Bug ID: JDK-8322743 C2: prevent lock region elimination in OSR compilation

JDK-8322743 : C2: prevent lock region elimination in OSR compilation

Type: Bug
Component: hotspot
Sub-Component: compiler
Affected Version: 8,11,17,20,21,22,23

Priority: P3
Status: Resolved
Resolution: Fixed
OS: linux_ubuntu
CPU: x86_64

Submitted: 2023-11-14
Updated: 2024-06-18
Resolved: 2024-02-29

Versions (Unresolved/Resolved/Fixed)

The Version table provides details related to the release that this issue/RFE will be addressed.
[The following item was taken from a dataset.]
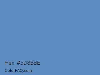 Hex #5d8bbe Color is a normal blue color and the nearest color is Silver Lake Blue #5d89ba. Hex code #5d8bbe and RGB value is rgb(93,139,190). In RGB color space, this color is composed of 36% red, 55% green, 75% blue, In CMYK color space, this color is composed of 51% cyan, 27% magenta, 0% yellow , 25% black , In HSL color space, this color has a hue angle of 212° , 43% saturation and 55% lightness.
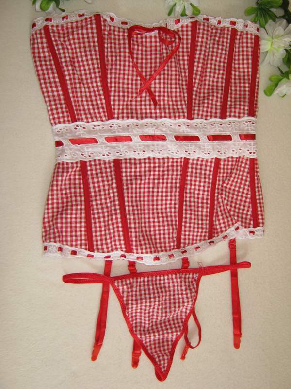 Яркий женственный корсет в мелкую клетку украшен красными вертикальными полосками и атласными лентами. Сзади застежка - крючочки.

Unresolved : Release in which this issue/RFE will be addressed.
Resolved: Release in which this issue/RFE has been resolved.
Fixed : Release in which this issue/RFE has been fixed. The release containing this fix may be available for download as an Early Access Release or a General Availability Release.

To download the current JDK release, click here.

JDK 21	JDK 23
21.0.5-oracleFixed	23 b13Fixed

Related Reports

Duplicate :	JDK-8323686 - assert failed: object must be null or locked, and unbiased
Duplicate :	JDK-8323507 - assert(current->held_monitor_count() == 0) failed: Should not be possible
Relates :	JDK-8320515 - assert(monitor->object_peek() != nullptr) failed: Owned monitors should not have a dead object
Relates :	JDK-7129618 - assert(obj_node->eqv_uncast(obj),"");
Relates :	JDK-8320310 - CompiledMethod::has_monitors flag can be incorrect
Relates :	JDK-8286957 - Held monitor count
Relates :	JDK-8327743 - JVM crash in hotspot/share/runtime/javaThread.cpp - failed: held monitor count should be equal to jni: 0 != 1

Description

ADDITIONAL SYSTEM INFORMATION :
# JRE version: OpenJDK Runtime Environment (22.0) (fastdebug build 22-internal-adhoc.jdk22u)
# Java VM: OpenJDK 64-Bit Server VM (fastdebug 22-internal-adhoc.jdk22u, compiled mode, tiered, compressed oops, compressed class ptrs, g1 gc, linux-amd64)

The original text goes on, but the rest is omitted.